What issues with a house will make you run from a wholsale deal?

26 Replies

When checking out a house, are there some serious issues that should tell me that the deal is going to cost A LOT of money?

1.  Foundation issues

2.  Code violations (illeagal additions)

3.  easement issues


Make sure you do your due dilligence when buying a house and take it out on price.  the bigger the problem the better the price when it comes to you buying it.  Cash or Wholesale.    If you see a problem that is of huge concern, get a better price.

Thanks Gerald,

How will I spot code violations?

To spot code violations, got to city hall and talk to builder inspectors about possible house violations.

Depends, am I buying the wholesale deal or selling it? Those are two VERY different positions.

I'd say if it's a foundation issue i would run from it and that can be pricy and plus their tend to be surprises when construction begins with projects like that. 

The dreaded buried fuel oil tank ...

Further reading on buried oil tanks:


@Steve Babiak  Oh god, I've seen a buried oil tank found during a home renovation show on HGTV a number of years ago. Environmental engineers, heavy equipment, destroyed yards all the way around the house (because of course it's not buried where it's easy to yank out). And that was the good ending! They didn't find any leaks into the soil in the show I was watching, but I can't even begin to imagine how much that would cost. 

roof repairs are expensive

Electrical and plumbing issues can ruin a budget.  Try to stay away from properties with well and/or septic.

Originally posted by @Daniella Ortiz:

roof repairs are expensive

Sure, but the amounts are predictable - seems most everything I look at or buy has need for roof repairs, so I'm not deterred by that.  Just make a price adjustment on your offer to allow for that.

I have a possible deal, but part of the kitchen is sinking.  @Steve Babiak   do you think this will scare cash buyers? 


Ah, there is another thing I avoid - sinkholes.  @Steven Velez  if that house is in an area known for sinkholes, you might have that.  So first check for propensity for sinkholes there.  If not a sinkhole ares, then you have a foundation expert give you an idea of what it would cost to fix.

So I'm guessing a complete tear down & rebuild is not a good consideration on really bad damaged homes? But what if you get it dirt cheap? Say $10k on down.

Inspectors, and a great contractor that you can trust.  I bring my contractor with me when he can make it.  I also use a spreadsheet that my contractor and I went over, from kitchen to baseboards.  It is very detailed.  It gets me pretty dang close to the repair. I also always add 10% to my repair for the wth is that, repairs.  I was talking to another investor one time.  He was telling me that he bought this property and found that the water pipes were galvanized steel. The problem was back in the 80s when Houston was booming a lot of home builders was buying galvanized pipes, the outside was galvanized but the inside was not.  Which over time will rust.  It cost him 8k to replace all the plumbing on the property.  

A price that is too high. 

Any problem can be fixed. 

It needs to be in the right location for me.

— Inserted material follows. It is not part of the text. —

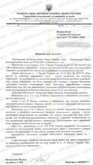 Источник: ответ НАБУ на запрос "Украинской правды"
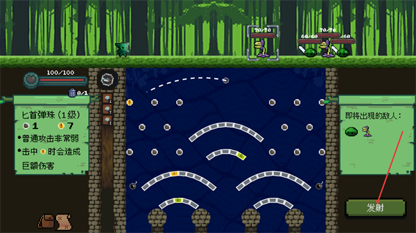 3、在关卡界面调整好弹珠的弹射轨迹后,点击右侧的发射按钮,让弹珠弹射攻击,以此推进关卡进程。

Originally posted by @Daniella Ortiz:

roof repairs are expensive

 Even worse, is a leaky roof might cause mold, something very difficult to get rid of and it can be dangerous to the health of those living there. 

Chinese drywall will definatly make me exit stage left!

Hi @Jordan Redar  ,

There can be a ton of stuff that could cost you a good amount. It really is hard to tell until you start demo. Obvious things are roof, foundation which could usually include doing some plumbing, termites could be a problem because its hard to know the extant of their damage, lead paint. Again, it is always good to have a contractor with you when you are looking at these properties because they might be able to catch something you don't see.

Good luck,

Andres J.

Location and functional obsolescence.

I recently passed up on a flip because the whole upstairs layout was odd and the ceiling height was 6' 6" and all the bedrooms were upstairs. I believe that would have drastically reduced my ARV and my pool of potential buyers. All the numbers made sense but I was worried it could have just sat on the market for too long, which I have seen before with odd featured properties.